Kremlin dan Lapangan Merah di Moscow, siapa yang tak pernah mendengarnya?
Di tengah ribuan wisatawan yang hadir di Lapangan Merah pada 10 Mei 2019, saya mencoba menyeimbangkan pengamatan terhadap dua hal: deretan beberapa gedung ikonik di dalam wilayah Lapangan Merah; dan wajah para wisatawan yang menunjukkan negara asalnya.
Pertanyaan awal yang muncul adalah kenapa disebut lapangan merah (Red Square)? Saya menyimpulkan sederhana saja: karena semua bangunan ikonik di wilayah Red Square (yang luasnya 330 x 70 meter) memang dominan berwarna merah, tepatnya merah hati.
Seperti biasanya ketika mengunjungi suatu kawasan wisata yang luas, beberapa lama, saya berdiri di titik yang relatif tengah, lalu melayangkan pandangan ke seluruh arah mata angin untuk merekam suasana dan dinamikanya melalui pandangan dari satu titik:
Ke arah tenggara terlihat gagah berdiri Gereja Cathedral St. Basil, yang tiap menaranya mirip dengan gaya pewarnaan Persia atau Asia Tengah;
Ke arah timur laut, terlihat departemen store yang menjajakan barang-barang modis bermerek (branded) internasional;
Ke arah barat laut, memanjakan mata dengan keindahan seni arsitektur gedung museum sejarah negara (State Historical Museum) dan Kazan Cathedral.
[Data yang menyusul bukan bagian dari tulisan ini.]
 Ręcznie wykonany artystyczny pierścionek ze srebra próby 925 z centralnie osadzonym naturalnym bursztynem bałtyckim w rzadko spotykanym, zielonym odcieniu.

Ke arah barat daya, mata pengunjung berhadapan dengan tembok atau benteng yang berdiri tegak memisahkan Lapangan Merah sebagai ruang publik dan istana Kremlin yang penuh rahasia, yang pernah dan masih menjadi lokasi domisili para pemimpin Rusia sejak zaman Tsar sampai kini: Presiden Rusia Vladimir Putin; lalu di salah satu bagian benteng itu, dengan posisi agak ke tenggara, berdiri tegak menara jam, yang menurut catatan didesain seorang arsitektur asal Italia.
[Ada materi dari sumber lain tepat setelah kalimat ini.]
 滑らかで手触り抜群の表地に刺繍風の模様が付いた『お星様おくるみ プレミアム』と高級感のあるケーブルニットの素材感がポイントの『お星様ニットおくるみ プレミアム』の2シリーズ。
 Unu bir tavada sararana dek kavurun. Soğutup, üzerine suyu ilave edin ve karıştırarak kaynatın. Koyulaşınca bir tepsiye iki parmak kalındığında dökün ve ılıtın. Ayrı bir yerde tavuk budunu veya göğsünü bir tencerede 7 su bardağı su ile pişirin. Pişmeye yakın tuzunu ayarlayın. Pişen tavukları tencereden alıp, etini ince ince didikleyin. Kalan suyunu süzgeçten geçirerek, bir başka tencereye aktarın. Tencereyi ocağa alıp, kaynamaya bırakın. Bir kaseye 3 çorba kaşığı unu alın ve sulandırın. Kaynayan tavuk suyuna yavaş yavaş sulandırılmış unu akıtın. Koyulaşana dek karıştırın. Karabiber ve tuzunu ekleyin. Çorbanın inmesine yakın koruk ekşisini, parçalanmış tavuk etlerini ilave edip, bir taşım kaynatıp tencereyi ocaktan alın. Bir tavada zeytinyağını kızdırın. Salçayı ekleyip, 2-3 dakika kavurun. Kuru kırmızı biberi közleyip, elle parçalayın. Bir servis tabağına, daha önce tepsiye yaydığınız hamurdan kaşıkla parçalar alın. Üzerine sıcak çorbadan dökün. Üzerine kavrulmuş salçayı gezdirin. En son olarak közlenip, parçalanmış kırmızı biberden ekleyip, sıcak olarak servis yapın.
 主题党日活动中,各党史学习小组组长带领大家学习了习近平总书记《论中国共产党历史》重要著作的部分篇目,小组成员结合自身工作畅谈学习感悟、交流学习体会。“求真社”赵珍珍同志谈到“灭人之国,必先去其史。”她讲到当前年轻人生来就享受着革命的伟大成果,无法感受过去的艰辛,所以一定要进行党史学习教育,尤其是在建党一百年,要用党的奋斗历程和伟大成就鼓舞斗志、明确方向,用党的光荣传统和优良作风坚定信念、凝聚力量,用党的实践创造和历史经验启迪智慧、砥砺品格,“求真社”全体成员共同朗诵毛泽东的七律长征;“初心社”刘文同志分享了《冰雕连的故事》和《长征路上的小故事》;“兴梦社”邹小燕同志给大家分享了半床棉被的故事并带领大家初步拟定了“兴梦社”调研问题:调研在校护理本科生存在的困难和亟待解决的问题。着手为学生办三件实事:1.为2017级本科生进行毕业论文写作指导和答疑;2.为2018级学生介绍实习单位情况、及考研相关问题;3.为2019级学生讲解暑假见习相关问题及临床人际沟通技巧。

Berada di dalam wilayah Red Square tak bisa lain kecuali merenung dan mendaur ulang tentang sejarah panjang kota Moscow dan Rusia sebagai salah satu negara yang sejak lama dan hingga hari ini masih memiliki semua syarat untuk disebut negara adikuasa, yang tak pernah berhenti mengalami proses up and down.